MATERIAL PROVIDED:
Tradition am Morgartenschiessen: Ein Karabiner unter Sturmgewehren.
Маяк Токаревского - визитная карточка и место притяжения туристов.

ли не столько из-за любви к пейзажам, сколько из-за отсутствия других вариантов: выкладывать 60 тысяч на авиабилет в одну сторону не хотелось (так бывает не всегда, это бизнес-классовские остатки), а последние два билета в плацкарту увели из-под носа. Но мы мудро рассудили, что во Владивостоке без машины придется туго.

* * *

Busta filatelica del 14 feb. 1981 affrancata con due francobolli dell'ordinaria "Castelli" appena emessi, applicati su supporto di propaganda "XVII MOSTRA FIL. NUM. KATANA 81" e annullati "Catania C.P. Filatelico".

TASK ITEM:
Could you repeat exactly the lines above from the line with "Tradition am Morgartenschiessen: Ein" up to and including the line with "ли не столько", and only those?

RESULT:
Tradition am Morgartenschiessen: Ein Karabiner unter Sturmgewehren.
Маяк Токаревского - визитная карточка и место притяжения туристов.

ли не столько из-за любви к пейзажам, сколько из-за отсутствия других вариантов: выкладывать 60 тысяч на авиабилет в одну сторону не хотелось (так бывает не всегда, это бизнес-классовские остатки), а последние два билета в плацкарту увели из-под носа. Но мы мудро рассудили, что во Владивостоке без машины придется туго.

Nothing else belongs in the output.